The 1256 sky road and back to town

Morning
Drive the 1256 sky road on the Pua–Bo Kluea stretch — a ridgeline route with mountains on both sides — and stop at the viewpoints for photos.Early mornings in the rainy and cool seasons can give you a sea of mist
Late morning
Stop at Sapan village, a small settlement in a valley beside a stream, and wander or sit at a riverside café.Sapan is quiet — good for photos and a rest before the drive back
Afternoon
Drive back into Nan town, stopping at Wat Phra That Chae Haeng (the year-of-the-Rabbit stupa) before heading to the airport.Leave around 2–3 hours for the drive down the mountain back to town
Evening
Pick up souvenirs — makhwaen pepper, Tai Lue textiles, Nan coffee — at shops in town before returning the car and catching your flight.Return flights are often in the evening; check your flight time before planning the last day

Adjust the plan to the time you have

Tight on time

Only 1 day

Stay in town: Wat Phumin, Wat Phra That Khao Noi, the museum, then finish at the walking street. Skip the north entirely.

Just right

2 days

Old town on day one, then up to Pua–Doi Phu Kha and back on day two. Drop Bo Kluea if time is short.

Fully relaxed

4 days or more

Add Doi Samer Dao in Sri Nan, the Sao Din Na Noi rock formations, and another unhurried day of Pua cafés.

Remember before you go

Many of Nan's sights are temples and local communities, so dress modestly, carry some cash for small shops that don't take transfers, and fill the tank before heading up the mountain — gas stations are scarce around Doi Phu Kha and Bo Kluea.

Want a well-located place to stay in Nan town or Pua? See the picks people actually reviewed.

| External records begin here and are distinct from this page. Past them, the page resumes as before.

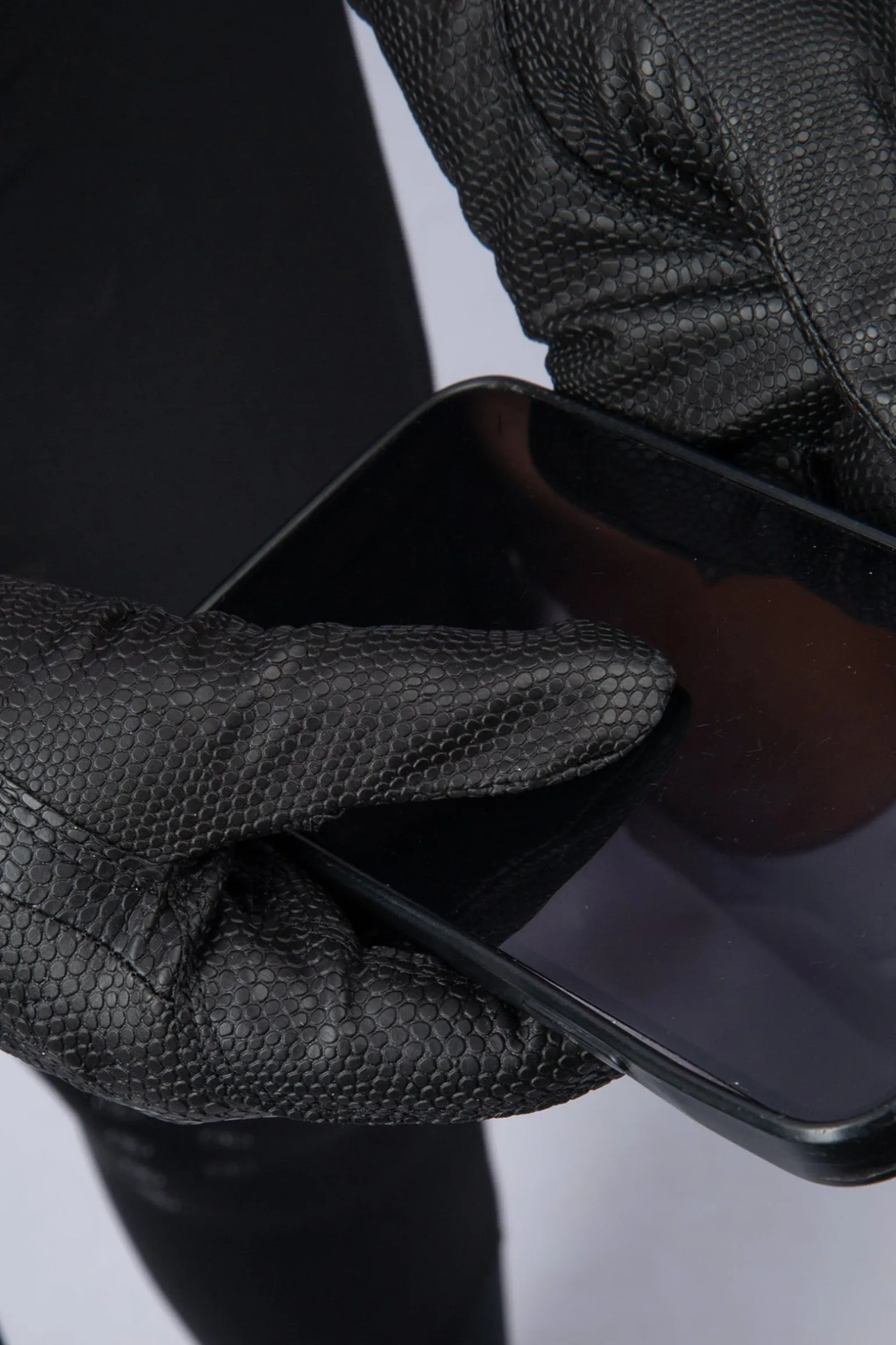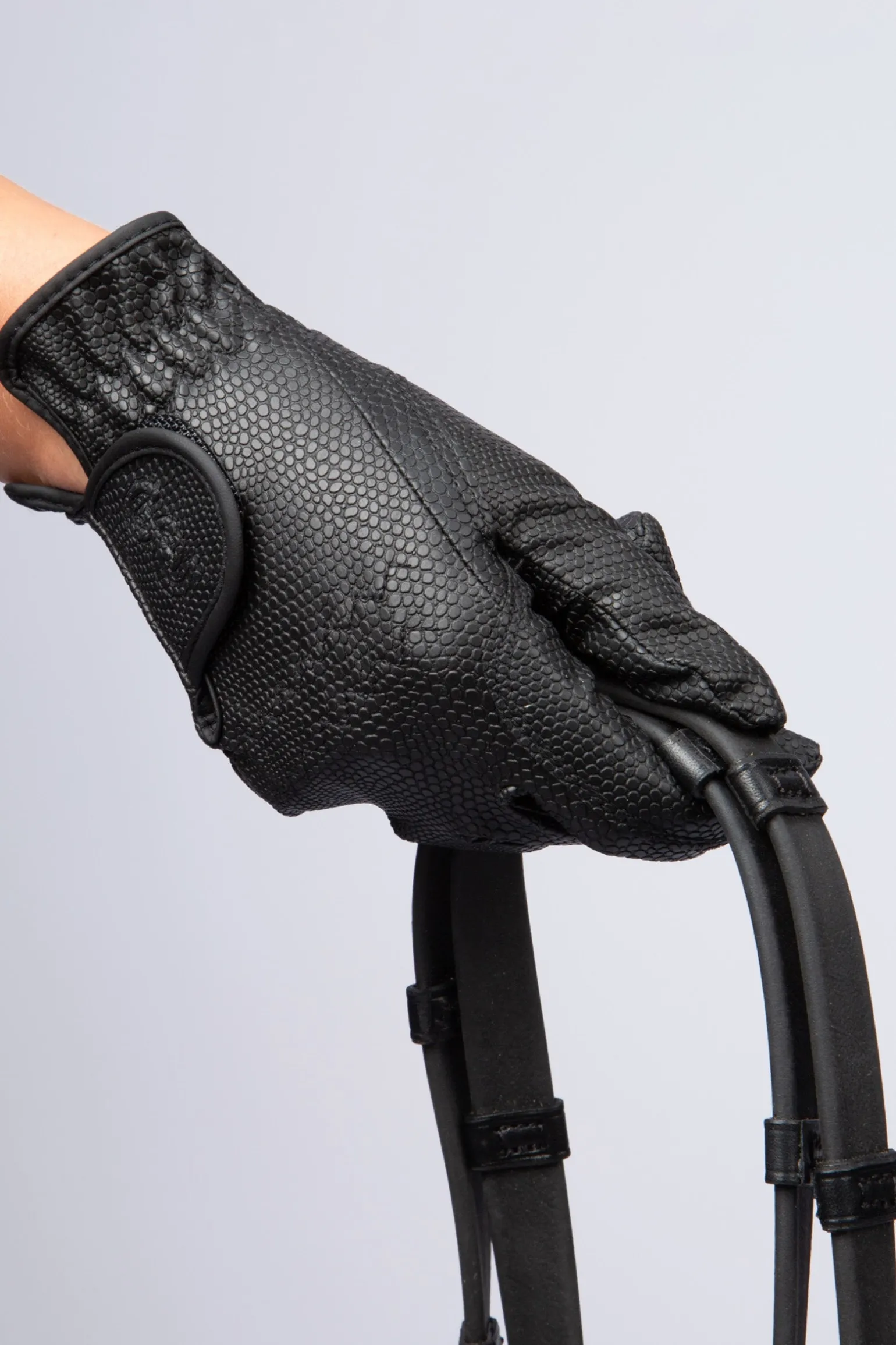 Grip gloves in leather imitation with a mini embossed croco pattern.
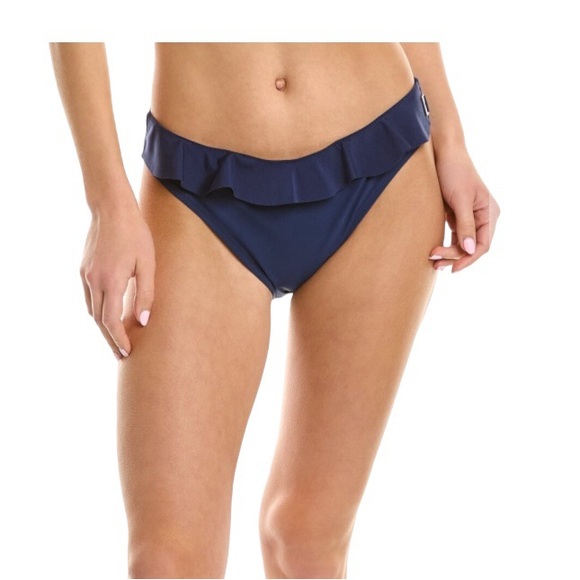 Stylish navy bikini bottom with ruffle detail. Perfect for beach days.
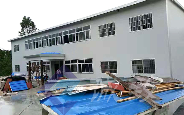 广州花都污水处理厂项目,为我们的客户广州中水再生环保科技有限公司承建,我们湖南诚致负责该项目临建板房建设,为豪华四坡双层活动板房,总共面积为484平方,上下楼都设计成封闭走道,非常适合办公需求,目前正在紧张施工中,相信不久将又是一个大美工程献给我们的客户。
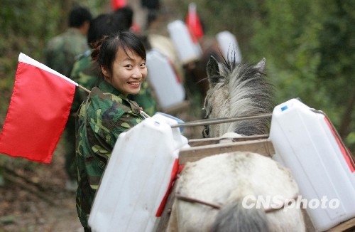 圖:消防官兵為貴州黔西南旱區(qū)百姓送水
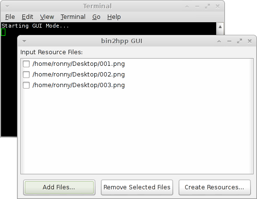 Binary data files will be converted to HEX representation and stored in a 'resource.h' and 'resource.cpp' file
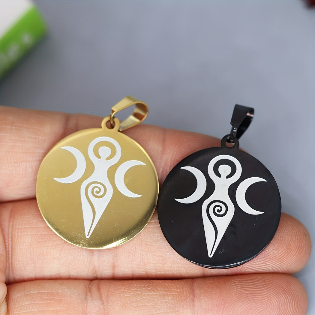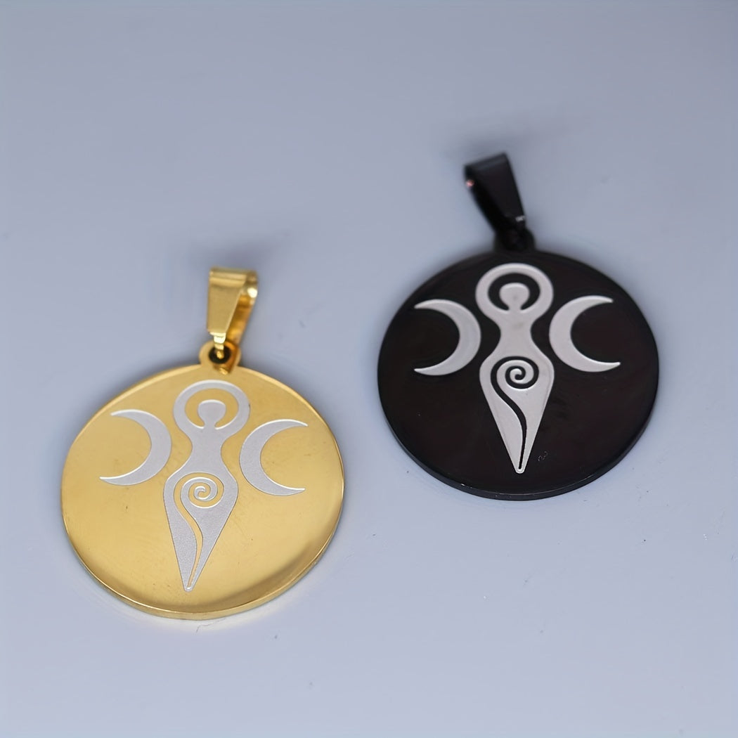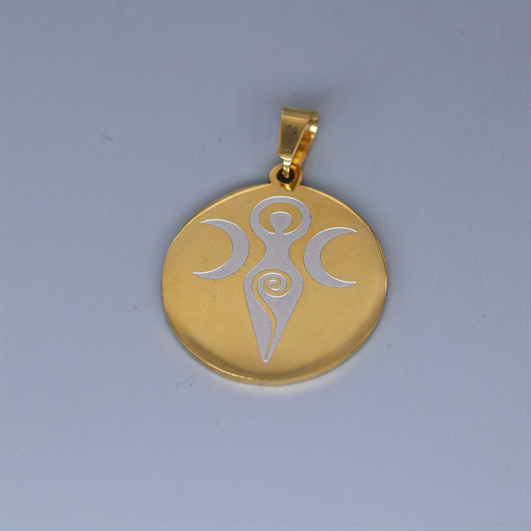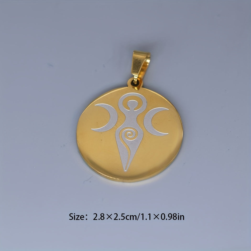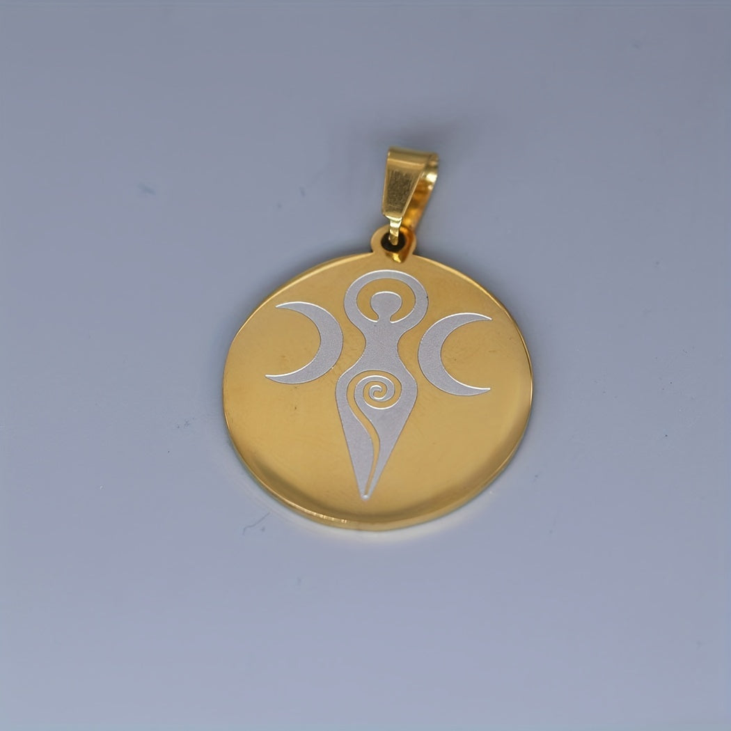 This pendant necklace features a stunning double moon amulet design that embodies the beauty of the goddess. It is made of high-quality stainless steel with a golden spiral finish.
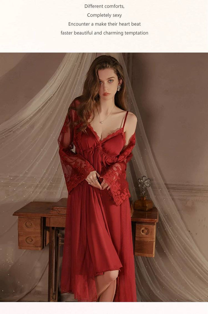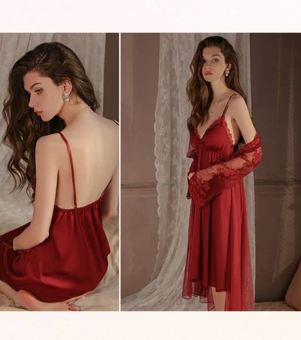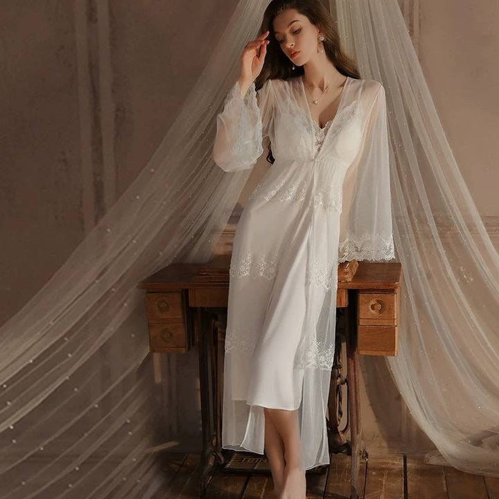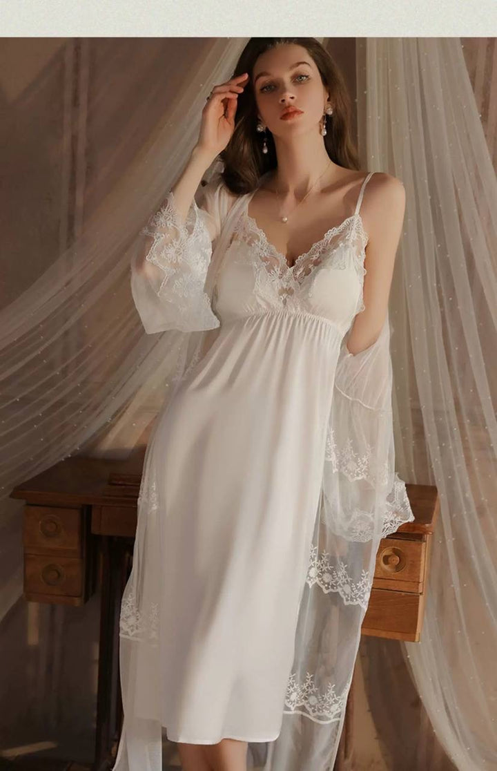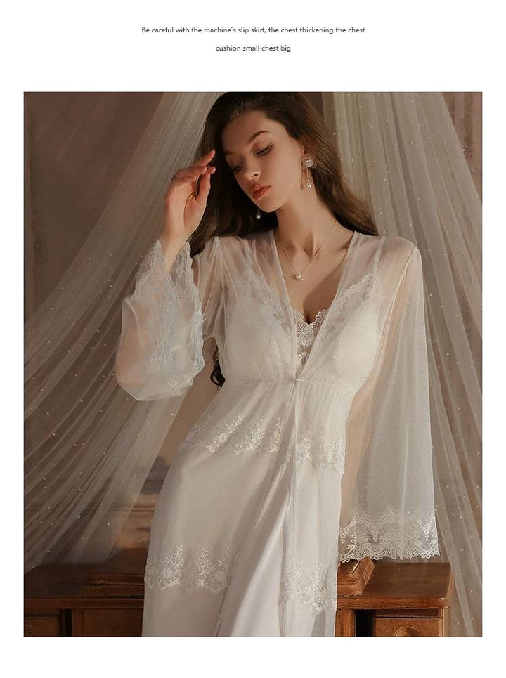 Haneen Veil – طقم قميص ستان وروب تُل دانتيل
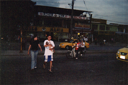 Plano general. Hombre con bebe y mujer cruzando semáforo. Al fondo negocios. Poca iluminación. Exterior noche.
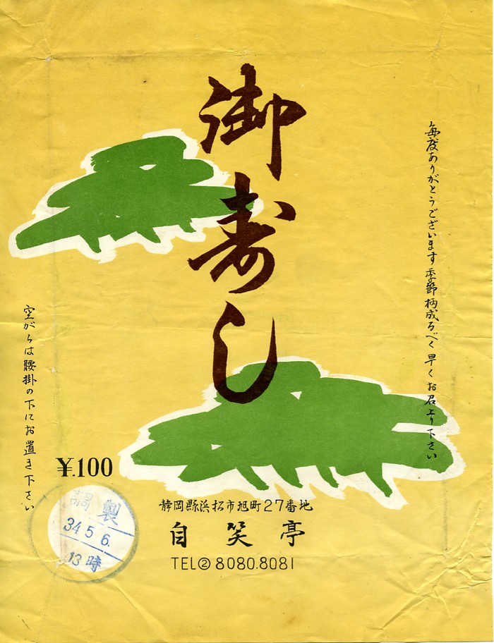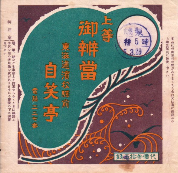 1930(昭和5)年3月29日17時の調製と思われる、昔の浜松駅弁の掛紙。調製元は現在と同じ自笑亭。掛紙のデザインは「浜」に「松」だろうか。
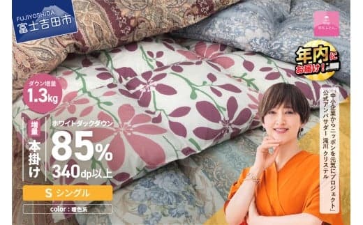 良質なホワイトダックダウン85%をたっぷり増量1.3kg使用! 羽毛本掛け布団 【数量限定!緊急支援品 訳あり】【12月発送】甲州羽毛ふとん 本掛け布団 増量1.3kg (シングル/お任せ柄)ダウン85% 暖色 掛け布団 シングル 本掛け 寝具
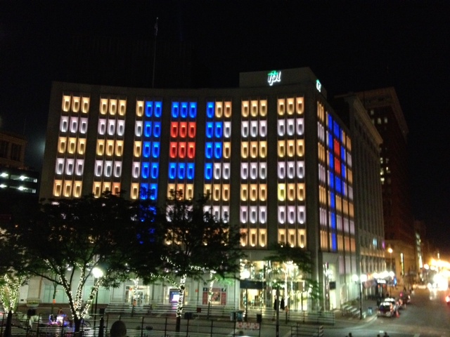 The air is sizzling with excitement in downtown Indianapolis tonight. Although it is kind of quiet you can still feel the energy in the air. Along all the parade routes bleachers are set up and folding chairs are stacked everywhere. Many people are out on foot since there is no place to park downtown and they are enjoying all the views of the city. I hope when I get home I will discover my pictures of all turnout okay. I have never quite figured out how to do the evening shots or night time shots.
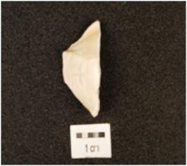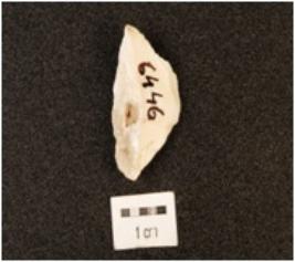 | Description / विवरण | Core made on chert, flake scars on surface, triangular cross section, striking platform on top visible. |
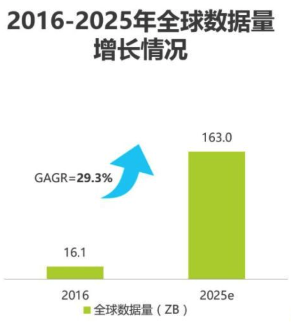 现在的中国人平均每周上网时间26.5小时;2016年至2025年,数据的总量增长将高达10倍;移动通信的5G时代马上来临,数据的传播将会更多更快了。这些对于数据传播和存储行业来说,将带来颠覆性的影响和改变。
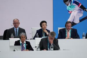 (260203) -- MILAN, 3 febrero, 2026 (Xinhua) -- Li Lingwei (c-atrás), miembro del Comité Ejecutivo del Comité Olímpico Internacional (COI), es visto durante el primer día de la Sesión 145 del COI, en Milán, Italia, el 3 de febrero de 2026. (Xinhua/Sun Fei) (oa) (ah)
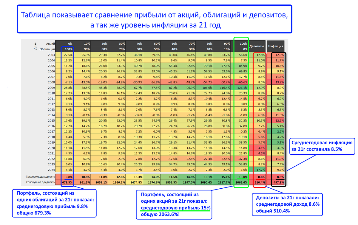 Акции же за счёт роста своих котировок и реинвеста дивидендов, путём сложного процента сп
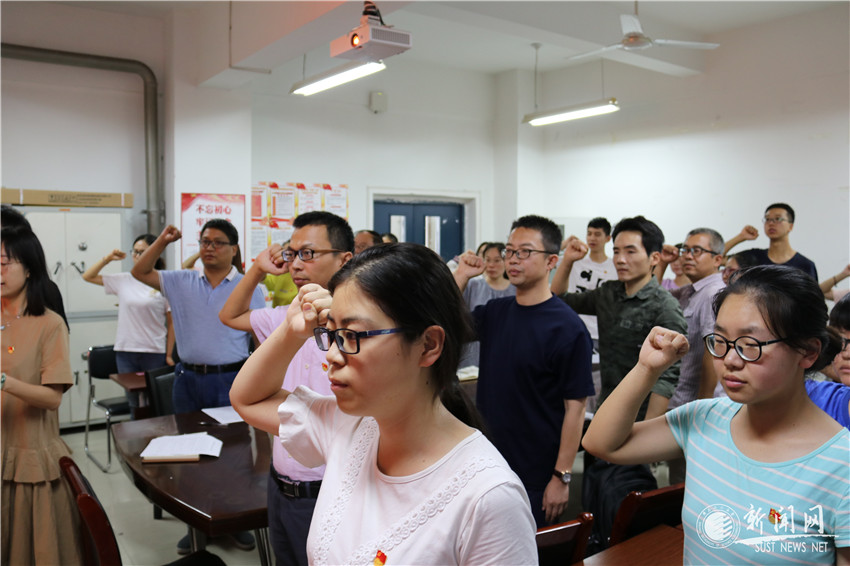 7月1日上午,环境学院在党员活动室举行庆祝建党98周年主题党日活动暨新入党党员宣誓仪式,学院党委委员、教工党支部委员、办公室党支部、全体辅导员、新一期预备党员和部分入党积极分子参加活动,活动由学院学生工作负责人赵伟锋主持。
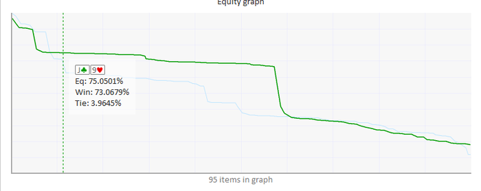 Видим преимущество по эквити у оппа, у нас стрит. Играем аккуратно и ставим пол пота, в нас прилетает all in, считаем шансы банка и выходит что нужно примерно (если округлить в большую сторону) в 30 процентах случаев выигрывать эту раздачу, чтобы колл был плюсовый. То есть по эквити мы проходим. Давайте глянем какие руки оппонента нас бьют, это каре, фулл хаусы, и Q9, (она у меня не в полном весе, но даже если в полном, то прибавляется немного)

See recommended Nan hotels →

FAQ

How many days do you need for a first trip to Nan?

Three days and two nights is the sweet spot for a first visit — you get both the old town and the trip north to Pua, Doi Phu Kha and Bo Kluea. With only 1–2 days, focus on town and cut the mountain zone.

Do you need a car in Nan?

If you're only doing the old town around Wat Phumin, you can walk or bike. But to reach Pua, Doi Phu Kha or Bo Kluea you need a car, since there's no public transport. Choose a rental car, a rental motorbike, or a car with a driver.

When is the best time to visit Nan?

Cool season (Nov–Jan) brings crisp, misty air but crowds and pricier rooms · Rainy season (Jun–Oct) is when the mountains and the Pua rice terraces are greenest and crowds are thinner, in exchange for rain in spells · Avoid hot season, when some years bring haze.

How long is the flight from Bangkok to Nan?

Direct flights are about 1 hour 20 minutes into Nan Nakhon Airport (NNT). Thai AirAsia and Nok Air fly daily, with one-way fares from around ฿1,000–1,700 depending on when you book.

How far is the drive from Nan town to Pua and Bo Kluea?

It's about an hour from Nan town up to Pua, then roughly 1–1.5 hours more on winding mountain roads from Pua to Doi Phu Kha and Bo Kluea. We'd suggest staying overnight around Pua or Bo Kluea so you don't have to drive back to town after dark.